Over at Living With Autism, blogger, teacher, and poet Liz shares the challenges and celebrations of caring for her adult son Dylan, who has autism. Liz reflects on early interventions for Dylan and the risks and rewards of new experiences.

Through her poetry, Liz considers how her perceptions of autism have shifted through the years, as Dylan grew older. Her ethical statements about blogging about a man who is unable to give informed consent in the traditional manner helps educate readers and raise awareness of living with autism.

dylanandliz

Thirty Days of Autism

Leah Kelley is a Canadian special education teacher and parent of an autistic child. She created Thirty Days of Autism to promote social understanding and offer a glimpse into the perspectives of those whose lives are touched by autism.

In addition to blogging prolifically, Leah speaks on autism and education. In fact, she’ll be presenting on Supporting Transition to Adulthood for People on the Autism Spectrum at the Council for Exceptional Children’s 2014 Convention & Expo, in Philadelphia, Pennsylvania, from April 9th – 12th.

A Quiet Week In The House

Over at A Quiet Week In The House, blog proprietess Lori writes about being autistic. To learn a little more about her, read this humorous entreaty for olfactory political correctness on behalf of the scent-sensitive and this loving tribute to her grandfather.
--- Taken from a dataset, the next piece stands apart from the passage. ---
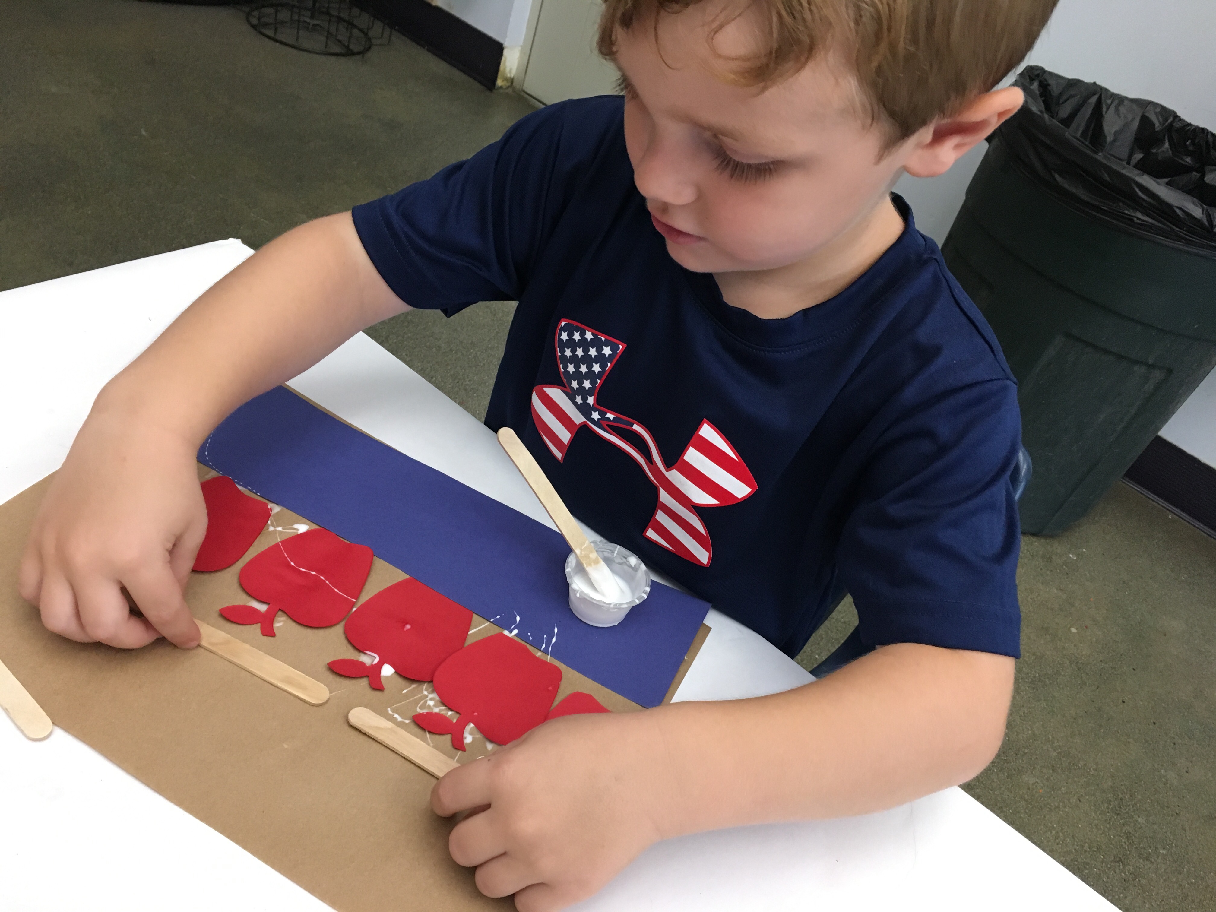 We had fun creating collages using recycled various plastic pieces. Some were buttons, marker caps, colored rectangular pieces and we even used bottle caps. We talked about what “abstract art”, is and the meaning of the word. I shared with them that it’s all about color, shapes and movements across a surface. I even pointed out what a “loud” piece looks like and what a “quiet” pieces looks like. I hope you find a great place in your home to display their art.
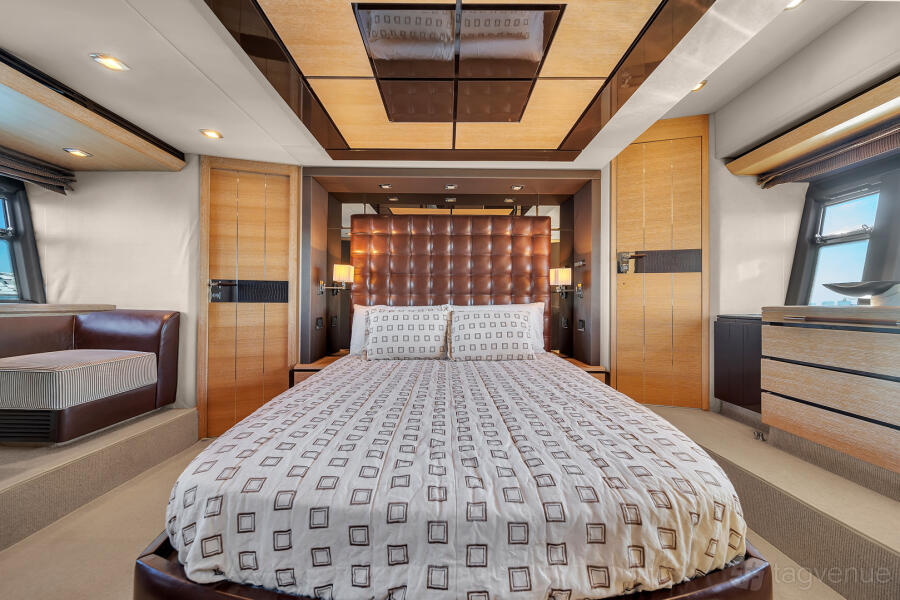 Our yachts are adorned with opulent features, from tufted leather headboards and Hermès cushions to crocodile upholstery and premium stainless steel appliances.

In this post, Lori discovers that her autism allows her to empathize with others and accept them for who they are, during a random encounter in her local bakery:

As an autistic woman, I cursed both my sensory sensitivity and social reticence. I wanted to explain my huff, but I had neither the words nor the poise. Perhaps the perfume she wore was her stim, her comfort, her way of making the outside world tolerable. Sitting close to me was an act of camaraderie, not hostility.

aquietweek

Interested in learning more about autism? Be sure to check out the autism tag in your WordPress.com Reader. You’ll find — as we did — a passionate and compassionate community of people willing to educate, share, and sometimes, just listen.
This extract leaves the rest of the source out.